WORK TO BE COMPLETED: Go over each line of the entries below, count those with "Necklace", and give only the count.

(Dataset records)
☆ ☆ ☆ ☆

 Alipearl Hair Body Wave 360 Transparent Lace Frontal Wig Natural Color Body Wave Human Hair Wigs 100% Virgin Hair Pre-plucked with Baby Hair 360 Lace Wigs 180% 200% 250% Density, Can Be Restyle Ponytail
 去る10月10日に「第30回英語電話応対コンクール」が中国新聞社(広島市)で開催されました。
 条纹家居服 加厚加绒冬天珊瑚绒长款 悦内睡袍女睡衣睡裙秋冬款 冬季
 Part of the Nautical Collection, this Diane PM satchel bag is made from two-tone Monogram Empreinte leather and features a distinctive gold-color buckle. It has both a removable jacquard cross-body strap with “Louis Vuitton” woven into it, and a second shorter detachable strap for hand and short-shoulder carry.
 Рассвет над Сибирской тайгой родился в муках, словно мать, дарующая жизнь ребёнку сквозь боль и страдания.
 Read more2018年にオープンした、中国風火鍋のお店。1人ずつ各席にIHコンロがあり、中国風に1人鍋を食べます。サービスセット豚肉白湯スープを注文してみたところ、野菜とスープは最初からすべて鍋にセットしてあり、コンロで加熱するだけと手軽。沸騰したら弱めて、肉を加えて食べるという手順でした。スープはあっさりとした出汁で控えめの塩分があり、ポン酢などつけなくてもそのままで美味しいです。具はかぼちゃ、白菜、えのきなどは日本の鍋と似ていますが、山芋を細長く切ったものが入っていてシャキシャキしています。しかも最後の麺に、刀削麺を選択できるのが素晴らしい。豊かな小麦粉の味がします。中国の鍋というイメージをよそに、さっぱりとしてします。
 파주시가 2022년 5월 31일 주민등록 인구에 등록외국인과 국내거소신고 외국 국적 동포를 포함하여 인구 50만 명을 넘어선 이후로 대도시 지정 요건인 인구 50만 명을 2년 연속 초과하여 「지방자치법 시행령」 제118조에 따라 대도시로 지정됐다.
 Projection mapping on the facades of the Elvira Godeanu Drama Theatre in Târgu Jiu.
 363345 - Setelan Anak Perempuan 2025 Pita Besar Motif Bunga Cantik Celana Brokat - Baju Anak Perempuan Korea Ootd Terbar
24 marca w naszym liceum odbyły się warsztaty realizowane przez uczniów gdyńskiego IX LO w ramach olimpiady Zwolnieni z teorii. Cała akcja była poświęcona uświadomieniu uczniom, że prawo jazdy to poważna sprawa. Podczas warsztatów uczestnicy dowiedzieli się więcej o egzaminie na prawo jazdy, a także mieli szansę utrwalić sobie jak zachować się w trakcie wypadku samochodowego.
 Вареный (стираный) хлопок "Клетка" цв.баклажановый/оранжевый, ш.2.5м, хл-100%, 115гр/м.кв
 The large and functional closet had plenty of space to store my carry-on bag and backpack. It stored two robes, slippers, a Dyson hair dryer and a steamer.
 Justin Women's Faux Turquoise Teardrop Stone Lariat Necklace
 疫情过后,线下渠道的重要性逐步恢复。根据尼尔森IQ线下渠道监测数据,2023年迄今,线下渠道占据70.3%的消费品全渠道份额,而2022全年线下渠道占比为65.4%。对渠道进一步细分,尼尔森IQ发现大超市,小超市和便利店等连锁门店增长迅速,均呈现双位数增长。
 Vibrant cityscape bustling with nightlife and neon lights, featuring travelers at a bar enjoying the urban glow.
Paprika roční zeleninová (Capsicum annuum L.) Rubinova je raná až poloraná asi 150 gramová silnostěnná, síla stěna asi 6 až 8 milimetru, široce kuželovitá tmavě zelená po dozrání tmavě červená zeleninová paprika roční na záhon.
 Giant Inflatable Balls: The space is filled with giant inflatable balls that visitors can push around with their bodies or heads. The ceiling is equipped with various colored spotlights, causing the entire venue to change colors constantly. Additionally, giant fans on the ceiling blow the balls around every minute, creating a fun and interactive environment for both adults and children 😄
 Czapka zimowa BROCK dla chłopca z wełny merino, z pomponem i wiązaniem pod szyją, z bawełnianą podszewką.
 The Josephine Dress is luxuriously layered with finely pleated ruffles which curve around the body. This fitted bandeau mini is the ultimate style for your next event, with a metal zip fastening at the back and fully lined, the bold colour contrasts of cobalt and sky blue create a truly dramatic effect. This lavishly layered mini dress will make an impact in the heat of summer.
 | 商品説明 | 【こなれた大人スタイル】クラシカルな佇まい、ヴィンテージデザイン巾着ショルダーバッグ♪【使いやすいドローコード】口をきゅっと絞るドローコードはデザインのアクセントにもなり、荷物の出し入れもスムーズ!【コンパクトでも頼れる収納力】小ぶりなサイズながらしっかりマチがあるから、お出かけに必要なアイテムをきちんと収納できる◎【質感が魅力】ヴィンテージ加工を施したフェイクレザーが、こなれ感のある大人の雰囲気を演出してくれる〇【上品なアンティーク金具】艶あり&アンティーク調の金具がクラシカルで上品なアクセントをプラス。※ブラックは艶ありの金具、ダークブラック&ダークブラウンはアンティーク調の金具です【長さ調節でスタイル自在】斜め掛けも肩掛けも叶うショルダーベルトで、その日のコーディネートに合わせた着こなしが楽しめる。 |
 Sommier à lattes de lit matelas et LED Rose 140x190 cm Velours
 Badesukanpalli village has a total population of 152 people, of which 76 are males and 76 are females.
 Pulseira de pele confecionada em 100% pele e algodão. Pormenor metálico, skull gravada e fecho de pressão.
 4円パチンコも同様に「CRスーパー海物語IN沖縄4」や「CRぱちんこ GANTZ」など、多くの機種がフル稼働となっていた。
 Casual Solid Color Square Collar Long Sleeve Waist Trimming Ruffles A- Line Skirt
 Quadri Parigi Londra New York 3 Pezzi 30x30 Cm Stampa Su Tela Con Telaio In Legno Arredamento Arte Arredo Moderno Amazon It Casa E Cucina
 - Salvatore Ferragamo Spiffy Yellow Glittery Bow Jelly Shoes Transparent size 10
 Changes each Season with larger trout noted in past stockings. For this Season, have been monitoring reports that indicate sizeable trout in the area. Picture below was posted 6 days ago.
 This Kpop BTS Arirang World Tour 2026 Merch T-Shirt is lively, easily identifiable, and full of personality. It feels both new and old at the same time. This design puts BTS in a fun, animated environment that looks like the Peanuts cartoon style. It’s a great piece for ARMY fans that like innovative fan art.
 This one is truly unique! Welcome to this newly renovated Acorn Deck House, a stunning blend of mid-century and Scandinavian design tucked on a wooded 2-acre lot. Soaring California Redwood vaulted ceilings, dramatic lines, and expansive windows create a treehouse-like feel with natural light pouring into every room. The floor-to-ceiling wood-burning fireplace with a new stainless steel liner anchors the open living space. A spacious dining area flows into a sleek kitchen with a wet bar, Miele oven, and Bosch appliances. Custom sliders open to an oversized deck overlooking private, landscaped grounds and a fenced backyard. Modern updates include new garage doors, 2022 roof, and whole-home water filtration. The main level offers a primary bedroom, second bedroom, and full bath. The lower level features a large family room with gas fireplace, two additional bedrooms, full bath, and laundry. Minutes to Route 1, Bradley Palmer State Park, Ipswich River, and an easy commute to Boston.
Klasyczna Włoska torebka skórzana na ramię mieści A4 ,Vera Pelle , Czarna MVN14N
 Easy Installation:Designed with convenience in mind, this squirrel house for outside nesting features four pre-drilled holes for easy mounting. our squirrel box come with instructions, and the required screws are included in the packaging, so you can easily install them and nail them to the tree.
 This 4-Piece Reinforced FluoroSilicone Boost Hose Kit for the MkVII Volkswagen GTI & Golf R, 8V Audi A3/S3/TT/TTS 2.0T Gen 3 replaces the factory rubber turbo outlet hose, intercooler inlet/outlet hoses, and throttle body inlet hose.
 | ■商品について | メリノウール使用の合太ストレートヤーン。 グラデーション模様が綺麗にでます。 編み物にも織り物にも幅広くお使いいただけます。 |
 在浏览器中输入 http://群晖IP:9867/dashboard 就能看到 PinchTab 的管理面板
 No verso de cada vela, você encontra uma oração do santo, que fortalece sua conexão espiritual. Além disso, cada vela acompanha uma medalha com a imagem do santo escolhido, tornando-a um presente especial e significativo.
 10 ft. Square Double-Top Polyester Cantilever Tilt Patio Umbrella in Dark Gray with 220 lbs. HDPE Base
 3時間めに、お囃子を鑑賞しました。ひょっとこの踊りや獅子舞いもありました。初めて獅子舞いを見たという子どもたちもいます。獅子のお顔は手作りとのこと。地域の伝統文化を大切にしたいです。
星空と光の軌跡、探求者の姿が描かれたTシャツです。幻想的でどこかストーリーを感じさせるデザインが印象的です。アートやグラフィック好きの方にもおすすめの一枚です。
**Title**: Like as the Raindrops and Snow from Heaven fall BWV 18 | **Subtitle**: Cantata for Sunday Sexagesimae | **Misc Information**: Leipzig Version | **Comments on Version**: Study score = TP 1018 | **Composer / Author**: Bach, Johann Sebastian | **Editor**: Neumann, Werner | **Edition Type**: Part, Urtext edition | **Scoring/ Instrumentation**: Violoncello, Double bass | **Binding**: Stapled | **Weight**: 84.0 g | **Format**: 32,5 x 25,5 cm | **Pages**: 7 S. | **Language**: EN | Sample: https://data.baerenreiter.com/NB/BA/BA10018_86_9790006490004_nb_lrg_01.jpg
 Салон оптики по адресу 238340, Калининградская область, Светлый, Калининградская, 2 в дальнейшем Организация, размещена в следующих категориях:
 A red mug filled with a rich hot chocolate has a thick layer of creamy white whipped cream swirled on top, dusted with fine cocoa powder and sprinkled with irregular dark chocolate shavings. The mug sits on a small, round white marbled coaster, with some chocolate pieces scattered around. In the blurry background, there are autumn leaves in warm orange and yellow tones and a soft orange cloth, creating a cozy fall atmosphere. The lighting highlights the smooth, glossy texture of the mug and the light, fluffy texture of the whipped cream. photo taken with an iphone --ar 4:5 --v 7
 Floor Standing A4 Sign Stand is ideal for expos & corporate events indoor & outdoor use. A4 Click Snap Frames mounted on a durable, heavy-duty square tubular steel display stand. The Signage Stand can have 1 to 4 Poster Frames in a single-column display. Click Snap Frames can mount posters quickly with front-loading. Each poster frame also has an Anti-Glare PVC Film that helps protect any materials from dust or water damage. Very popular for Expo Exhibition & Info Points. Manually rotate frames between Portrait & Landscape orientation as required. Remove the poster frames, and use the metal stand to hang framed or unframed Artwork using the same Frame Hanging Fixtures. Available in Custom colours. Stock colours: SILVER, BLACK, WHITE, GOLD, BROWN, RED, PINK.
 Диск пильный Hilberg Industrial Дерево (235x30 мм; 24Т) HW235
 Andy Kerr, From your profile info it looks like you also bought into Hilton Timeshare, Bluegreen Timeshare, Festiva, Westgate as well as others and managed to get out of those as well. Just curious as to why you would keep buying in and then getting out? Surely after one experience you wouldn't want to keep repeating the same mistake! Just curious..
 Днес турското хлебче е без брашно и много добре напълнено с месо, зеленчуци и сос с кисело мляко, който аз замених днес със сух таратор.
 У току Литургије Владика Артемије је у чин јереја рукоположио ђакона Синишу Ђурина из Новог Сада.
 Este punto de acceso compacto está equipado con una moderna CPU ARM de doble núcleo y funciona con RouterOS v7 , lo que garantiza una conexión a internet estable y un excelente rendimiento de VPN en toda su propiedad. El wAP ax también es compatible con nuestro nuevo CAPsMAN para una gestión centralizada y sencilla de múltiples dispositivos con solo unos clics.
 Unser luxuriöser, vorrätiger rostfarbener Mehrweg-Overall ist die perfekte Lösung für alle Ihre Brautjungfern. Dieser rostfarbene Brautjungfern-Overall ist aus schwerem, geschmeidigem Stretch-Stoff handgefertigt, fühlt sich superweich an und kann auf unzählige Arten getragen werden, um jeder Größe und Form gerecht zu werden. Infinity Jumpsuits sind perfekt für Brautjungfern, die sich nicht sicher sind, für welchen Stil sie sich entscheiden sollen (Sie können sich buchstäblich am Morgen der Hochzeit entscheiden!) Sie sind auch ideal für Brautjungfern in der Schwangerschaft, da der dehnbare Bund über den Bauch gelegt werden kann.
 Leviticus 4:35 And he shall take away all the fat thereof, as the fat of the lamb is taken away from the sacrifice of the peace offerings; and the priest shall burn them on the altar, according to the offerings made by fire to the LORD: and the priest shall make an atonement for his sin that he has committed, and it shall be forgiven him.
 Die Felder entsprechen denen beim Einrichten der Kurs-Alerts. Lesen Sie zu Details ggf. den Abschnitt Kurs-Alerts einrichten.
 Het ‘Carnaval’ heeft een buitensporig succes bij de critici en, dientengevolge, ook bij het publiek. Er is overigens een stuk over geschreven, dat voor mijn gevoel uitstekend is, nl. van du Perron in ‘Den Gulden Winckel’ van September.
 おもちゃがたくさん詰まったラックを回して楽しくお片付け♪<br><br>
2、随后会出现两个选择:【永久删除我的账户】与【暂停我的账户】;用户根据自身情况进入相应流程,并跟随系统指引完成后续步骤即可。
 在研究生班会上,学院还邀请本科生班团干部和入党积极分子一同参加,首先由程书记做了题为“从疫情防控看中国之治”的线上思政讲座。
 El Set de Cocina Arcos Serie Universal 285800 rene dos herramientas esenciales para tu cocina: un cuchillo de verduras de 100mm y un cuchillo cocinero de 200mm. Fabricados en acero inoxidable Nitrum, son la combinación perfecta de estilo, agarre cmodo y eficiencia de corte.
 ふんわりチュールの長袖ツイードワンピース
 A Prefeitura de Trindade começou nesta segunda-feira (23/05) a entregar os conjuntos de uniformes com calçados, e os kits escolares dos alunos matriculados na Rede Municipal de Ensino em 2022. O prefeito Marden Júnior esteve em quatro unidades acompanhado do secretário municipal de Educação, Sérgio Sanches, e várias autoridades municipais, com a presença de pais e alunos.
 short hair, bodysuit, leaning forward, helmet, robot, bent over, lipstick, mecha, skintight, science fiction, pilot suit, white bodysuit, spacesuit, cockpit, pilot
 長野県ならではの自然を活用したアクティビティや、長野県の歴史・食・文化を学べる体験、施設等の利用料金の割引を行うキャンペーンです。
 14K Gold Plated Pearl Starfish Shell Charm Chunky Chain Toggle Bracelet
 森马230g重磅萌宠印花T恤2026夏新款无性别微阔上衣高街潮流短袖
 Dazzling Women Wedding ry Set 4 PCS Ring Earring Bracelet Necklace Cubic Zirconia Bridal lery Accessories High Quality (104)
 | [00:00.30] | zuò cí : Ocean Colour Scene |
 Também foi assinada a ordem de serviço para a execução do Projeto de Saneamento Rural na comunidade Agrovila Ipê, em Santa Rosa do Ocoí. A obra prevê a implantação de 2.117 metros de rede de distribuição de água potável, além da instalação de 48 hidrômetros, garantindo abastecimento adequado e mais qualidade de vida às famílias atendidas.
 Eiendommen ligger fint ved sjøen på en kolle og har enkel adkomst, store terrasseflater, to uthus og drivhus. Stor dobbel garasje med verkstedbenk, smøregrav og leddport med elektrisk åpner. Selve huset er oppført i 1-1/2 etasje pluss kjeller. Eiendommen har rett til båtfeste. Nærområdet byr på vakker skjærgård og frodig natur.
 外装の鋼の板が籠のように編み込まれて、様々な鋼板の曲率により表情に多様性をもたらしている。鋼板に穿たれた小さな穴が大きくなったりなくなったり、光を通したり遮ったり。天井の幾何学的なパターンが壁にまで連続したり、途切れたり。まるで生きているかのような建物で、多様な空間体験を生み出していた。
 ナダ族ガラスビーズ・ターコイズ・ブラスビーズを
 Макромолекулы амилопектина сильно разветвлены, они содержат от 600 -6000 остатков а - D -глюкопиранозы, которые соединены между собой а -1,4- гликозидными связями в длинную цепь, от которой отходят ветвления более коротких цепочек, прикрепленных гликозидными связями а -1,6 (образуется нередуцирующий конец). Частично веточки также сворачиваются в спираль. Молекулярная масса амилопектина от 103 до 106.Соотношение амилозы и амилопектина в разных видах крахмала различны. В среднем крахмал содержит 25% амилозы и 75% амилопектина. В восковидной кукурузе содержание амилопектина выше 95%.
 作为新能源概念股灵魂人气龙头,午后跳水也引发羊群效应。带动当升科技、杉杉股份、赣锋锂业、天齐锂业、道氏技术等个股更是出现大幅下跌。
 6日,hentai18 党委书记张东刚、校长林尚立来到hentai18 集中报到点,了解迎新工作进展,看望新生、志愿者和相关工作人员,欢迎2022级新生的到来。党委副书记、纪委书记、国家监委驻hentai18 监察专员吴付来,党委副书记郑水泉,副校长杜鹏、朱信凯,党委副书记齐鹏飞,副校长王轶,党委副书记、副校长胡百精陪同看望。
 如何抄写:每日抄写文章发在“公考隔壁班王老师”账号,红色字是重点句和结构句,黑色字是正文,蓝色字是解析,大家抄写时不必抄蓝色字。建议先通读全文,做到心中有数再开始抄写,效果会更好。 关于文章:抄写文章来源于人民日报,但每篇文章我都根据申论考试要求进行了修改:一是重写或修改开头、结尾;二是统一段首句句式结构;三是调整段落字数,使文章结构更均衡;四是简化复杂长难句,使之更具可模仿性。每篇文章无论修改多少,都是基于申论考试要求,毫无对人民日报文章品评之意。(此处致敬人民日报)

☆ ☆ ☆ ☆

OUTPUT OF THE TASK: 2